The Space Development Agency’s warfighter council will set requirements in March for the second large batch of satellites to join the Transport Layer of the agency’s National Defense Space Architecture, a planned constellation in low Earth orbit. A solicitation will then go out in the “late spring of 2023,” SDA director Derek M. Tournear said Nov. 10.
While the agency is still waiting to hear from the council before it finalizes the minimum viable product and exact force design structure for the Tranche 2 Transport Layer, Tournear indicated that the tranche will include “250-ish” satellites for data transport.
That’s about twice the number of satellites included in the Tranche 1 Transport Layer. SDA awarded contracts for that tranche’s 126 satellites in February. The number would also well exceed how many satellites the Space Force currently has in orbit.
SDA’s warfighter council meets twice yearly and guides the agency’s process for determining what capabilities are most important. The council’s next meeting is in March, Tournear said during a webcast hosted by the National Security Space Association, and the goal is to release a request for proposals for the Trance 2 Transport Layer “shortly thereafter.”
After that, a contract award will likely follow in the summer of 2023, Tournear said, which would keep the program in line “so that we can hit that September 2026 launch date” planned for Tranche 2.
Meanwhile, Tranche 2 of the architecture’s Tracking Layer won’t be far behind, as SDA will once again rely on the March meeting of the warfighter council to fully set requirements.
“We’re looking at on the order of 50 Tracking satellites,” Tournear said. “And the mixture between wide-field-of-view and medium-field-of-view will be determined during the warfighter council … and that will come out later in summer or early fall of 2023, is when the Tranche 2 Tracking solicitation will go.”
Like the Transport Layer, the second tranche of the Tracking Layer, responsible for missile tracking and missile warning, will be roughly double the size of Tranche 1. SDA awarded contracts for 28 satellites for the Tranche 1 Tracking Layer in July.
For both the Transport and Tracking Layers, Tournear said, the main difference between Tranche 1 and Tranche 2 will be the expansion of coverage provided. SDA has referred to Tranche 1 as providing “initial warfighting capability.”
“It will allow us persistence over given regions of the globe,” Tournear said. “Tranche 2 will give us complete global persistence. So we don’t have to do any kind of prioritization over different areas of the globe. It’ll also give us enough satellites to where we have built-in resilience just because of the numbers of satellites.”
In the meantime, Tranche 1 is scheduled to begin launching in September 2024 and should be finished by mid-2025, Tournear indicated.
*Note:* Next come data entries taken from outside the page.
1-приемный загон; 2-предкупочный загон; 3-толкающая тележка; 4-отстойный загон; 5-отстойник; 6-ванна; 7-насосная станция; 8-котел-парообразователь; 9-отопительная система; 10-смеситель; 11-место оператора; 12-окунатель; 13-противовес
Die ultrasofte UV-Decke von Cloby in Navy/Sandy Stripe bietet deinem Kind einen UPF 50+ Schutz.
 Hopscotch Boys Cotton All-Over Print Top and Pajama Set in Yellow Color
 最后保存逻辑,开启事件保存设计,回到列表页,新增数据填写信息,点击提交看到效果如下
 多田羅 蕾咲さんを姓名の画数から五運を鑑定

And that timing could be key as Pentagon officials continue to warn that China is building up its capabilities, with the goal of having the ability to invade Taiwan by 2027.
“It’s no mystery that [Chinese president] Xi Jinping has given his military until 2027 to develop the military capability to forcefully reunify with Taiwan, if he makes the decision to do that,” undersecretary of defense for policy Colin Kahl said in September.
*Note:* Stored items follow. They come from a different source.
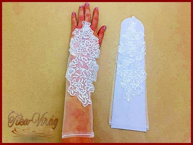 Menyasszonyi csipke kesztyű, hosszú ujjas változat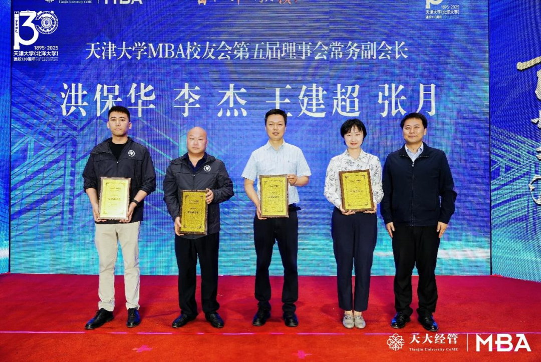 校友与基金事务处副处长谷钰,风车动漫 副主任冯楠、党委副书记刘钰、MBA项目主任白彦壮、校友办公室主任李文强为第五届MBA校友会理事会成员逐一颁牌。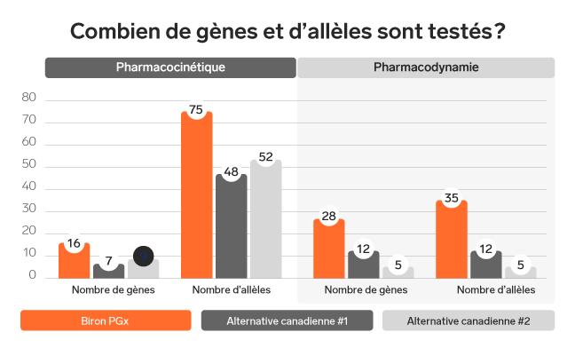 Quels gènes sont testés par les tests pharmacogénomiques de Biron?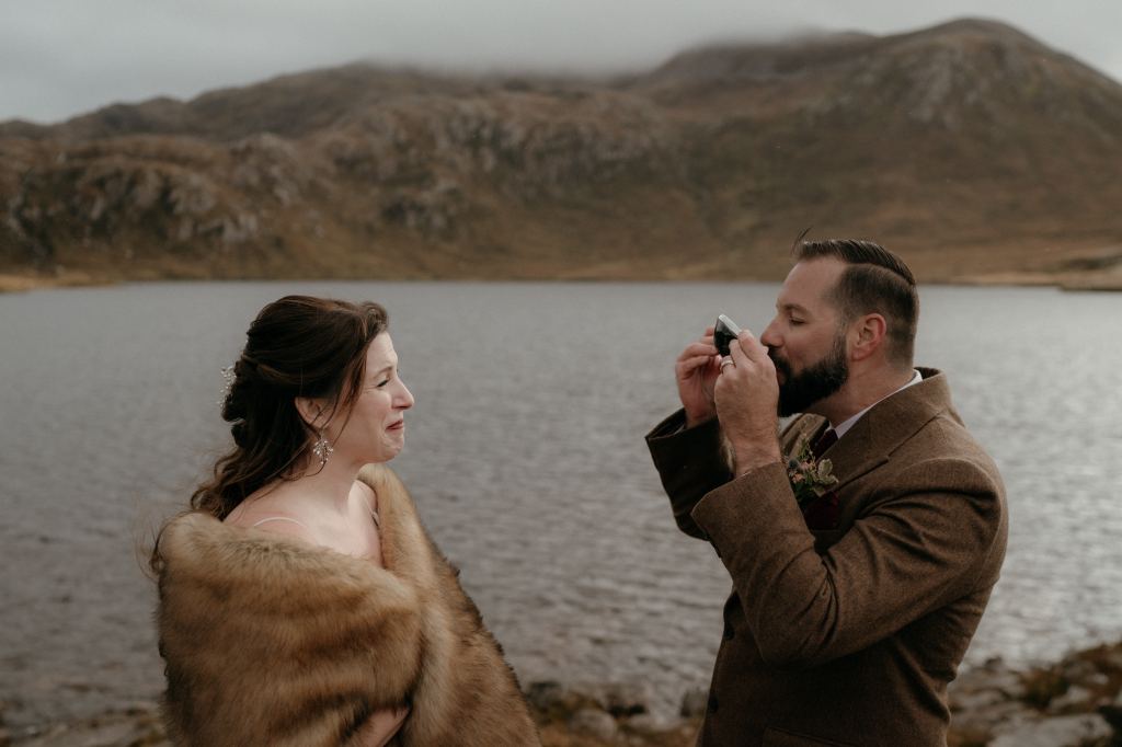 On this Midwinter’s weekend, as we all relax into the festive season, it’s been a joy to revisit Ellison and Shannon’s autumnal wedding ceremony in the moody and breathtakingly beautiful Assynt landscape.

Should such a timeline come to pass, Tranche 1 will be “ready for the fight in that timeframe” and capable of providing coverage for the U.S. Indo-Pacific Command area of responsibility, Tournear said.
“That will give you the persistence over INDOPACOM for those real-time tactical data links,” Tournear said. “So that means we will be able to tie in their existing fielded radios … so those tactical radios that our war fighters use on the ground, on ships, and in the air, they’ll be able to talk to the satellites. They’ll be able to communicate targeting data back and forth within each other. Eeven though they’re outside of what would traditionally be supported by a tactical data link, the space layer will be able to make that global, will be able to tie that back to targeting cells located anywhere in the globe, to be able to move that data in real time in a theater.”
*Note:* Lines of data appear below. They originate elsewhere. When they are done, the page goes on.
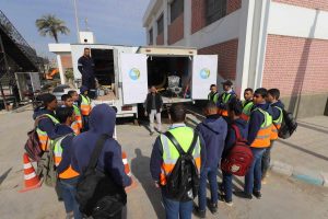 وفى ذلك الاطار شهدت ورشة الاصلاح المتنقلة لأعمال الطوارئ تدريبات عملية لأبناء المدرسة الفنية للمياه للتعرف في البداية على مختلف المعدات التى تضمها الورشة من ماكينة لحام بولي اثيلين وكبلات كهربائيةوطلمبات غاطس بأحجام مختلفة وصواريخ بأنواعها و هيلت ومفاتيح بشتى أنواعها
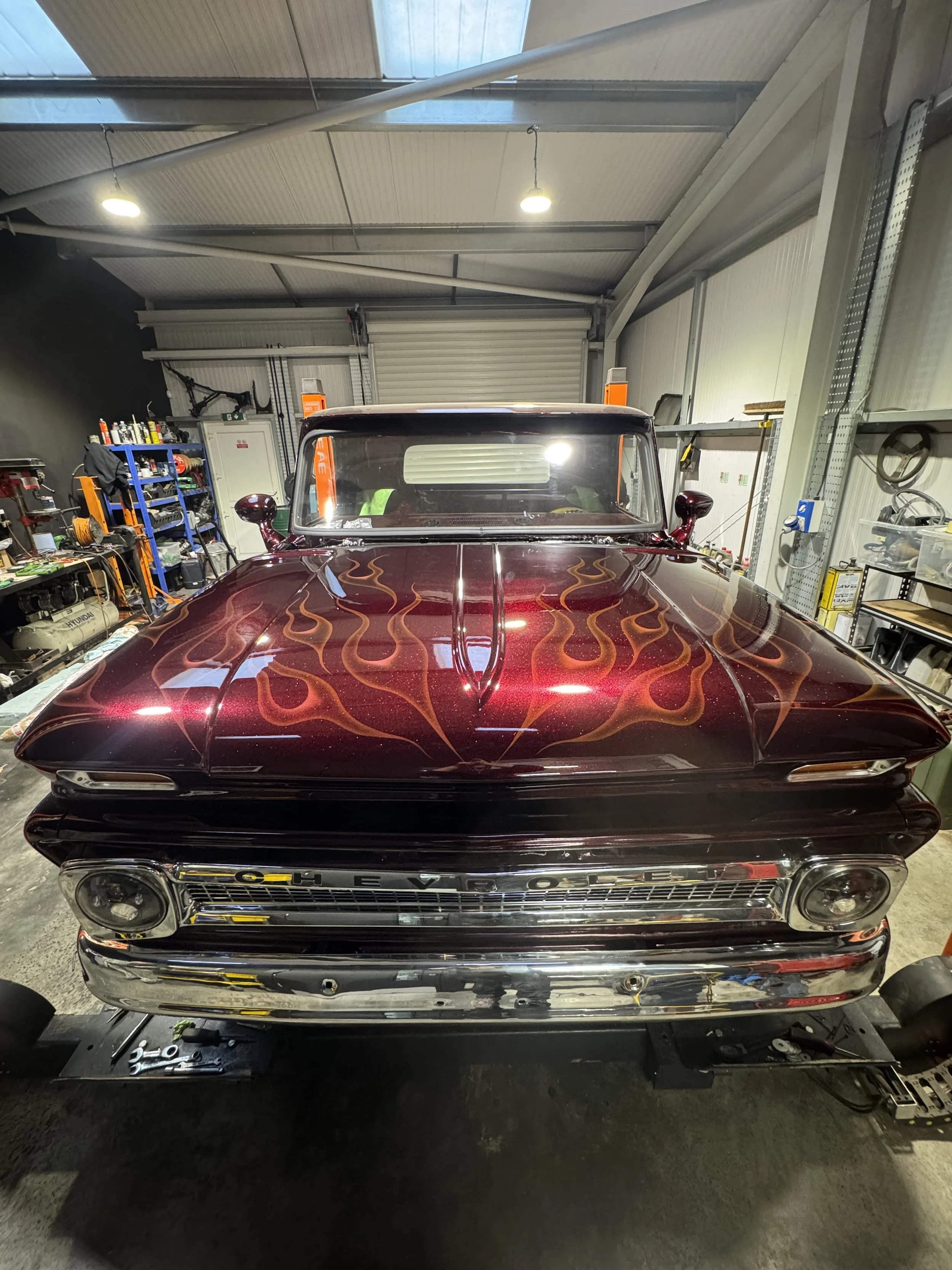 A bespoke valved exhaust system was fabricated to give the truck both a modern soundtrack and full driver-controlled personality. The rear bumper and wings were stretched to refine the body lines, adding subtle aggression without losing the C10’s classic silhouette.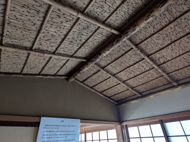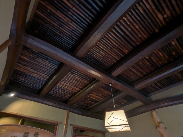 天井は囲炉裏の煤で黒くなった「煤竹(すすたけ)」。ここに囲炉裏は無いため自然に黒くなったわけではなく、古民家から移築したそうです。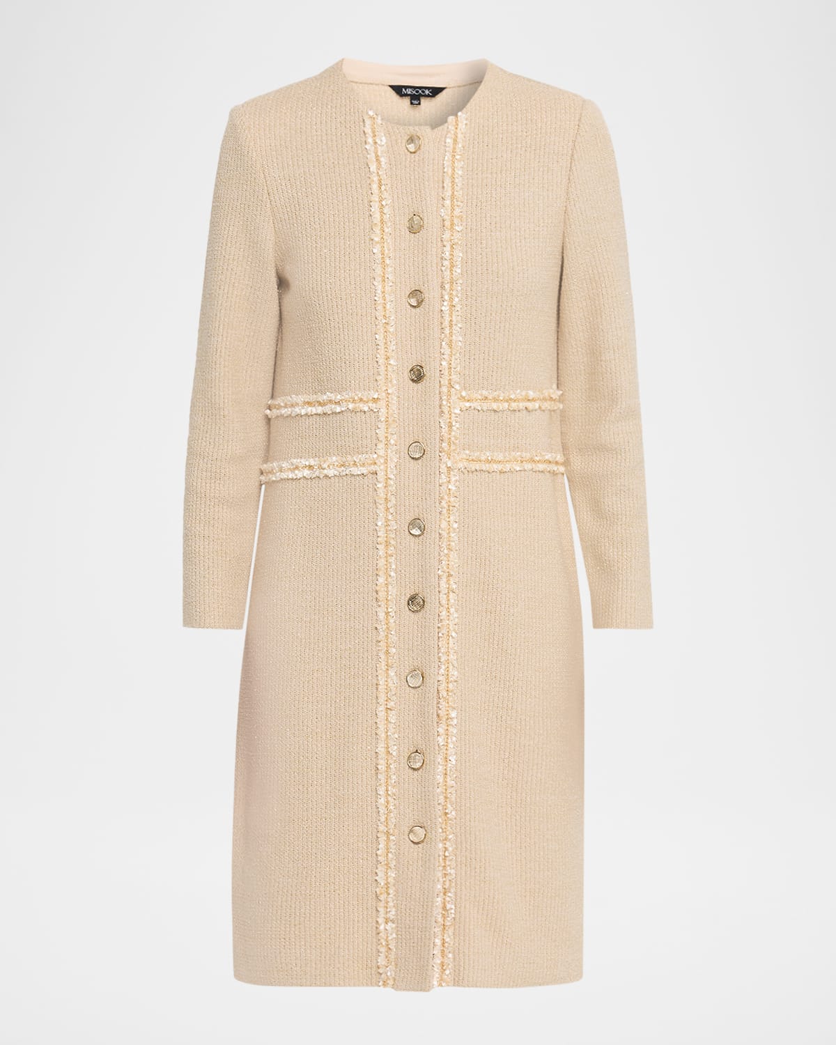 A statement of artistry of elegance, this Misook knit jacket gleams with metallic threads and ribbon chain trim Approx. 39" from shoulder to hem Jewel neckline Long sleeves Soft shoulder pads Heritage fit: long, straight cut Button front closure Rayon/cellulose acetate/polyester/nylon Unlined Hand wash Imported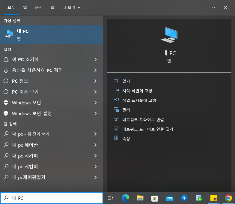 하단 검색창에 내 PC 입력후 [마우스 오른쪽 - 속성] 클릭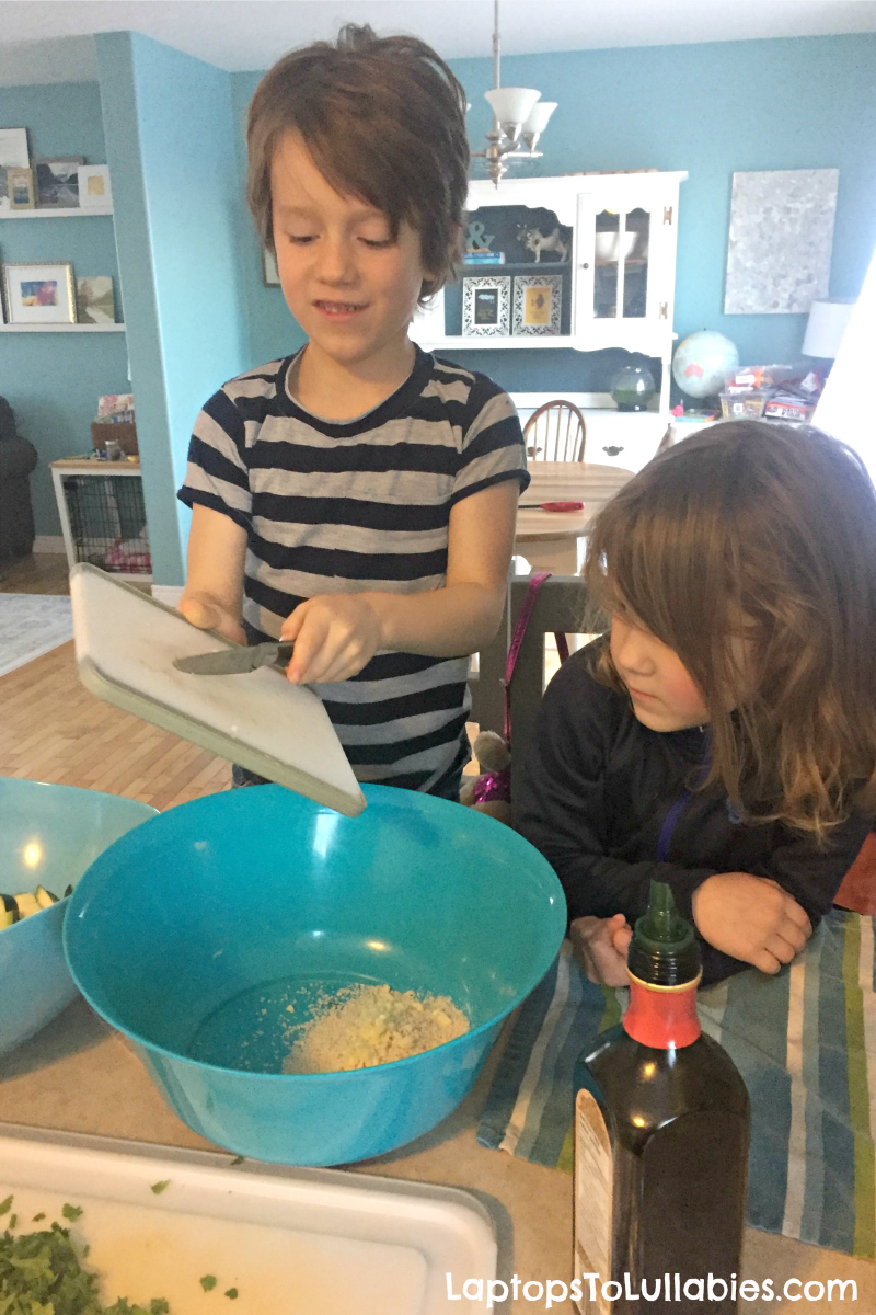 We also learned new SKILLS, which surprised me. We had to zest lemons and limes (using our cheese grater because we’re not fancy and do not own a zester) as well as the ginger, and it was fun! The kids even tried and didn’t grate their fingers, so it was a win all-around.

More immediately, though, SDA is focused on its next industry solicitation, for the “app factory” for battle management/command and control communication—BMC3.
“Basically, it’s the software that will be used by performers on the ground to build the apps and test out the apps in a secure environment to basically do uploads onto the satellite, so that we can upgrade the BMC3 processors on orbit,” Tournear said.
The battle management function of the National Defense Space Architecture is still being fleshed out, and contractors that don’t win the deal for the app factory will still be able to build and offer applications developed for BMC3 in the coming years, Tournear said.
A draft of the solicitation for the app factory was released Nov. 9. SDA plans to listen to industry feedback and re-issue a final solicitation in February, Tournear added.